Table 2 Multivariable logistic regression for analyzing the risk factors for brain metastasis from CRC before PSM.
Survival Comparison Between CRC Patients With BM and Those Without BM
According to the results of univariable logistic regression (Supplementary Table 1, p < 0.05), we identified nine factors that could affect the outcomes of treatment, namely, grade, histology, pN, bone metastases, liver metastases, lung metastases, CEA, surgery, and radiotherapy, and used these factors to generate a propensity score. After PSM, we obtained 167 patients with BM and 321 patients with no BM in this study, and none of the above factors between the two groups was found to be significantly different (Supplementary Table 2, p > 0.05).
Furthermore, we compared the survival difference among patients after using PSM. The median CSS and OS of CRC patients without BM were significantly higher than that of patients with BM (16.0 months vs. 4.0 months for CSS, Figure 2A, p < 0.001; 14.0 months vs. 4.0 months for OS, Figure 2B, p < 0.001). Consistently, CRC patients with BM have worse CSS than those without BM after univariate Cox model (HR = 2.017; 95% CI = 1.626–2.503; p < 0.001, Supplementary Table 3). Meanwhile, after modeling all variables in multivariable Cox analysis, CRC patients with BM have worse CSS when compared with those without BM (HR = 2.621; 95% CI = 2.061–3.333; p < 0.001; Table 3). Similar results were also obtained when analyzed by OS (HR = 2.556; 95% CI = 2.026–3.225; p < 0.001; Table 3).
Figure 2 Kaplan–Meier curves for CRC patients with BM and those with no BM. (A) Cancer-specific survival (CSS) for CRC patients with BM and those with no BM. (B) Overall survival (OS) for CRC patients with BM and those with no BM. HR = hazard ratio. 95% CI = 95% confidence interval. p-value was calculated by log-rank test.

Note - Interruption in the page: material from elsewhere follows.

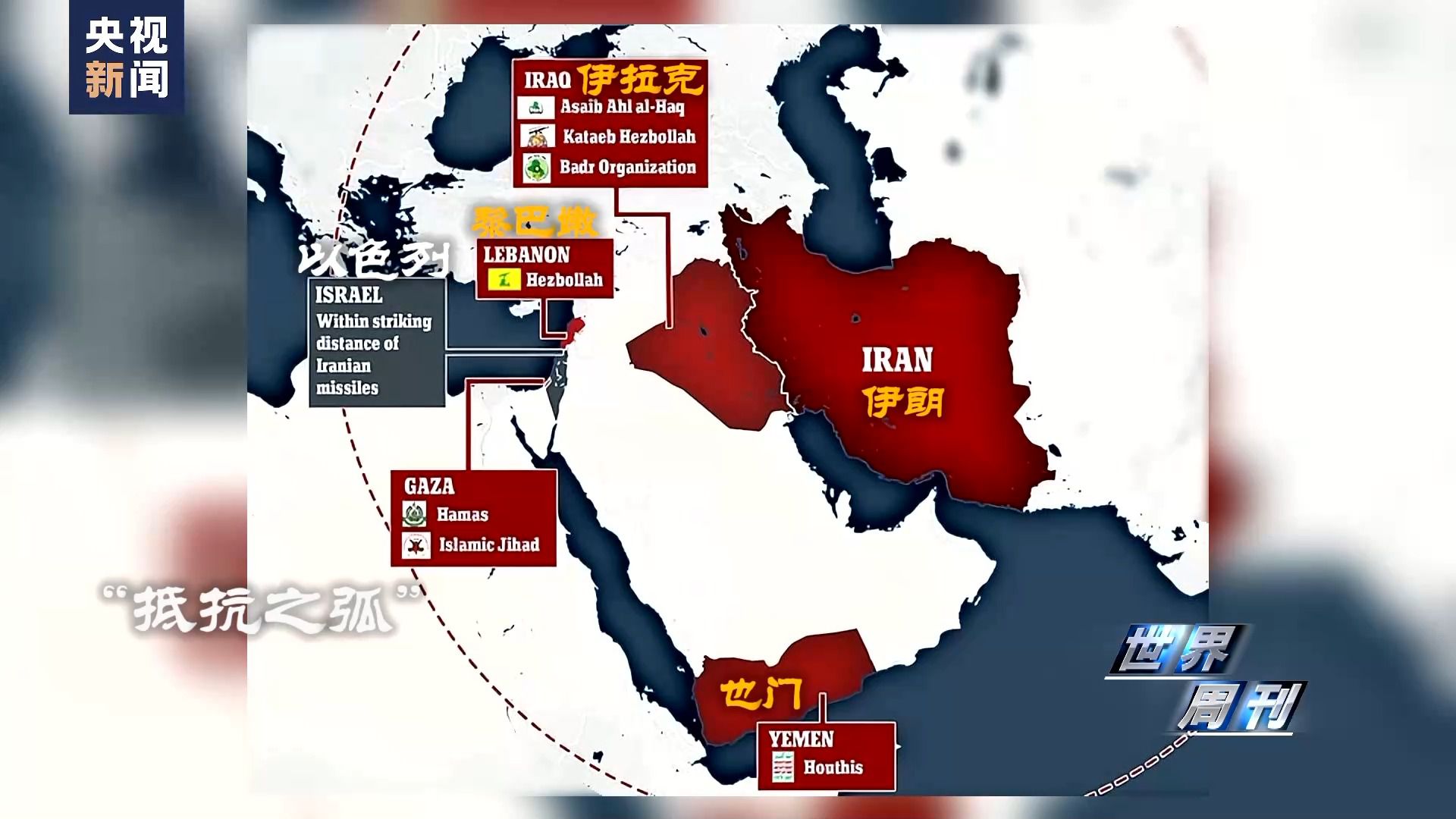 在《衛報》看來,以伊朗為核心、以也門胡塞武裝、巴勒斯坦哈馬斯以及黎巴嫩真主黨等軍事力量建立起的中東什葉派“抵抗之弧”所積聚的反以情結或將集中爆發。

Table 3 Multivariable analyses using Cox models associated with CSS and OS for patients with CRC after PSM.
Survival Benefits of Clinical Factors and Therapies
We stratified the patients with BM by the number of additional distant metastasis organs and found that the median CSS for CRCBM patients with zero, one, two, and three or more additional distant metastasis organs were 9.0 months, 4.0 months, 3.0 months, and 2.0 months, respectively, with statistically significant differences (Figure 3A, p < 0.05). A similar result can also be found in OS (Figure 3B, p < 0.05).
Figure 3 Kaplan–Meier curves for CRC patients with BM after stratified by the number of additional distant metastasis organs. (A) Comparison of cancer-specific survival (CSS). (B) Comparison of overall survival (OS). p-value was calculated by log-rank test.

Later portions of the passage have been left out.